Larry Kellogg said:
I think vinyl is different than CD, not always better or worse, just different. I think too much is made of declaring something as the winner. I don't believe vinyl playback or film is going to disappear from the planet tomorrow.
Exactly right. Regardless of what silly alleged audiophiles will tell you, no vinyl record that has ever been pressed is "better" than the CD made from the same source. Not even the first time you play the record, when its virginal and hasn't begun to lose fidelity due to wear, is it "better" than the CD. It loses on every single count, in a physics and acoustics sense. But, it does have a different sound, and some people (including me) sometimes prefer it. They just shouldn't fall into the trap of claiming it's better.
With cameras it's opposite but the same: digital camera sensors lose (though not by much anymore, on the high end), if you compare apples-to-apples (ie, high MP with good glass to a film/glass combo that gives you a rough equivalent in lpm). They simply aren't capable of capturing the same range, yet, particularly on the high end (the dreaded blown highlights). A good sensor will do better than crap film behind a plastic lens, but that's not apples-to-apples.

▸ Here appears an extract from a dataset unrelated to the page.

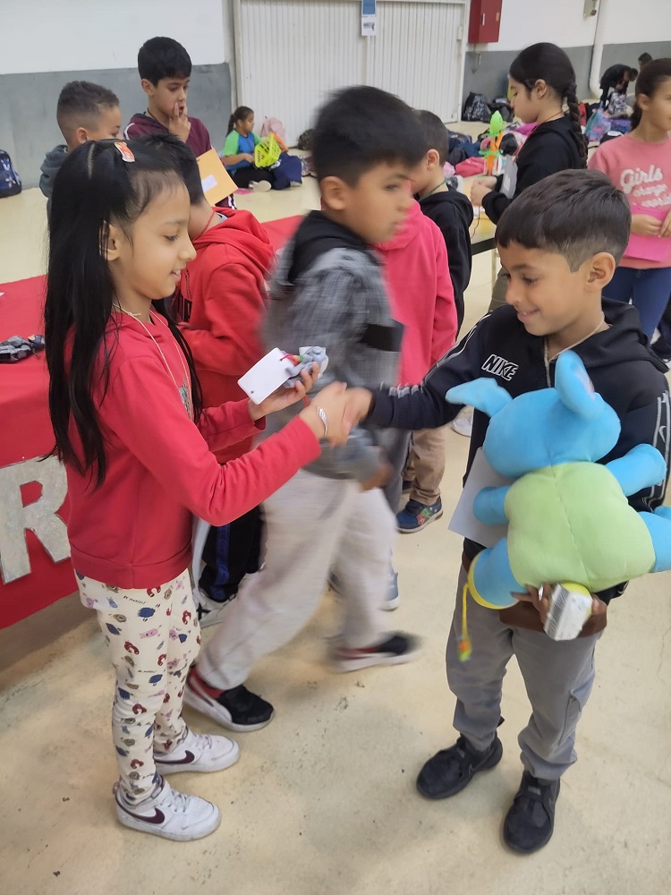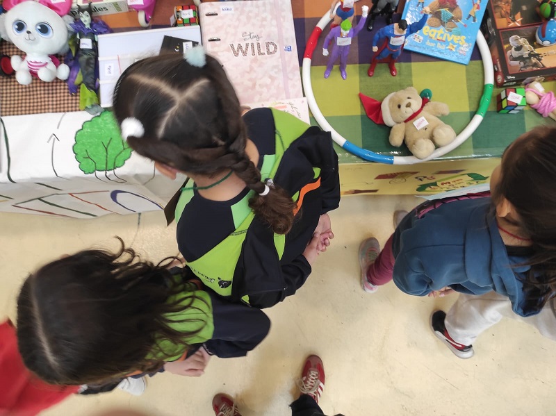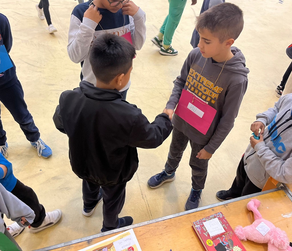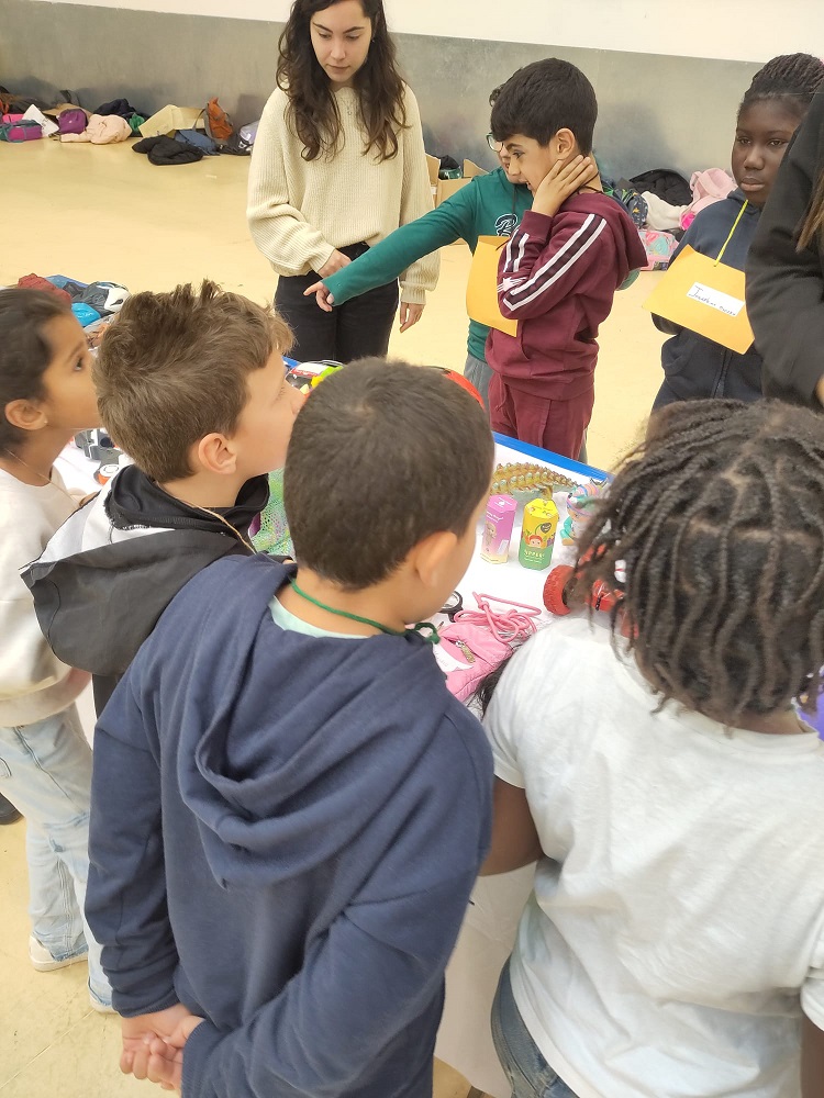 La dinamitzadora va explicar els passos del mercat, fer una ronda per observar els objectes que hi havia sobre les taules per intercanviar i, seguidament després del senyal “gong”, va començar el moment més esperat: buscar els propietaris dels objectes que més agradaven a cadascun dels nens i nenes per poder intercanviar-los.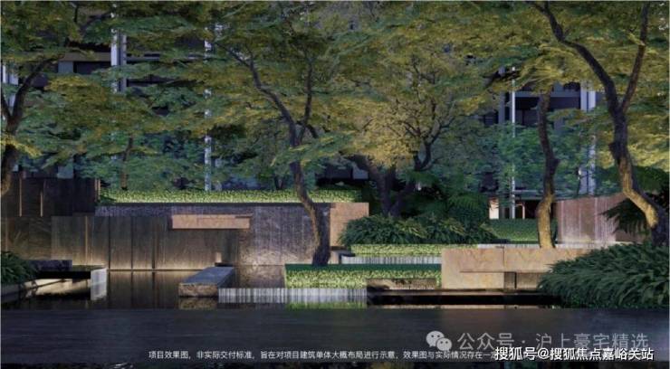 主要通过景观入户景墙结合点景乔木,彰显业主归家仪式感和尊贵感。

But, just like some people enjoy vinyl because it sounds "organic" (ie, it crackles and pops, or maybe one is hypersensitive to the vibrations caused by the mechanism itself), and some people prefer CD because it is more accurate; various people have different opinions about the different qualities of film and digital.
It makes for a good discussion but a bad argument, same as vinyl vs CD, because once it becomes an argument people want to "prove" their subjective response to a stimuli by inventing spurious facts.